Роскошный, неряшливый, суетливый Дамаск. Воздух противно гудит вездесущими мухами. Визг, толкотня, ругань. Даже ослики здесь не трогательно-степенные, как в Иерусалиме, а крикливые, злобные, так и норовят укусить. Их хозяева вопят друг на друга громче своего скота, хватают друг друга за пестрые тряпки, плюются в длинные бороды — никто не хочет уступать дорогу. Улочки узкие, чтобы не втиснулось солнце, тенистые, но душные от запаха многих тел, от запаха фруктовых, овощных и рыбных куч, сваленных вдоль домов прямо на грязные камни.

— Здесь, в Дамаске, мы не живем с евреями, — пояснил Варнава.

— Как же так? — удивился Павел.

Его спутник рассмеялся.

— Или они не живут с нами.

— Что, вы не евреи? — Павел расстроился. — Все одного семени и одного Бога?

— Все мы Адамова семени, разных народов чада — братья между собой, возразил Варнава. — Сын Божий вырос и живет своим домом, почему бы и нет?

Крики вокруг стали громче; сначала — возмущенные, потом — льстивые. По улице промчались несколько всадников, хлопая плетками, сердитыми приказами расчищая дорогу. Брызнули из-под копыт фрукты, хлынули, прижимаясь к стенам, торговцы.

Вся эта суета поднялась из-за двух человек, степенно возвращающихся к себе домой верхом на своих лошадях. Эти двое были довольно молоды. Один очень нарядный, ухоженный, с множеством драгоценных украшений везде, где только можно их нацепить. Он ехал на толстой белой кобыле, красивой, такой же разряженной, как ее хозяин. Расшитый золотом плащ закутывал фигуру щеголя, скрывая даже кисти рук. Так носили плащи греческие ученые мужи, чтобы показать, что они не занимаются физическим трудом. Человек этот был светловолос и с гладко выбритым лицом, по римской моде.

Второй — тоже без усов и бороды, но волосатый чрезвычайно. Смуглый, чернявый, темноглазый, одетый только в простую ослепительно белую тунику. Из украшений — лишь тонкий золотой обруч на голове, почти не заметный в густых лоснящихся кудрях. И лошадь под ним — скаковая.

Юношей сопровождали вооруженные воины.

Варнава отступил с дороги, а Павел не успел.

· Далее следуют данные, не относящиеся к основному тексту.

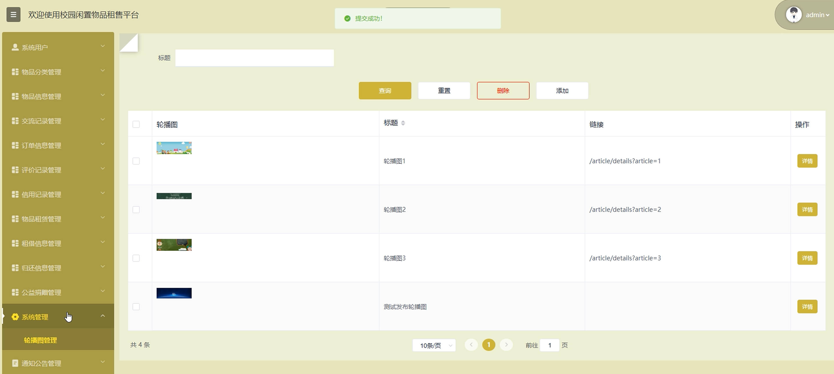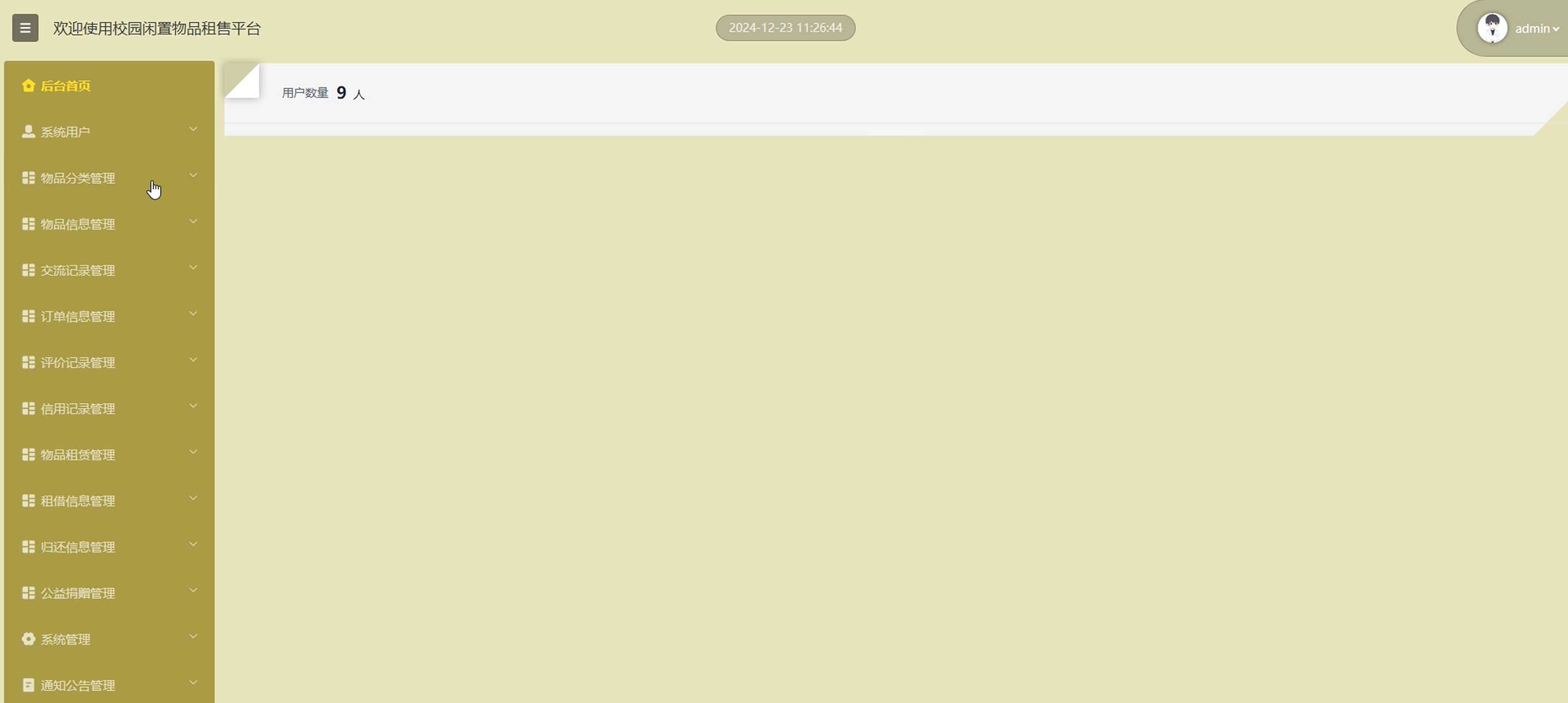 - 普通用户:可以在线交流沟通,浏览公告和物品信息列表,搜索物品信息,下单购买支付、查看订单状态,评价等功能。查看物品租赁详情,并进行租借、评论、点赞等操作。

— Что раззявился, олух? — Стражник, толкнув его конем, проскакал мимо, даже не озаботясь проверить, отошел зевака или нет.

Павла с утра уже достаточно толкали и унижали. И сейчас таким ничтожеством он был в глазах этих всадников, что оставалось одно — опять упасть в пыль и расплакаться.

— Не видишь, едет божественный Арета, величайший из великих! — наехал на него другой воин.

Упасть в пыль и расплакаться. Но Павел, выпрямившись во весь свой небольшой рост, крикнул злобно:

— Кто такой этот ваш Арета?

Стало очень тихо, только мухи продолжали гудеть.

— Я царь, — пояснил юноша в белой тунике, останавливая лошадь.

Его спутники остановились тоже.

— Ну и что? — спросил Павел.

— Ты должен уступить мне дорогу, — спокойно ответил Арета.

— С какой это стати? — усмехнулся рассерженный Павел. — Все мы Адамова семени. Чем ты лучше меня?

— Хотя бы тем, — царь и бровью не повел, — что у меня — деньги и власть, а ты нищ и бесправен.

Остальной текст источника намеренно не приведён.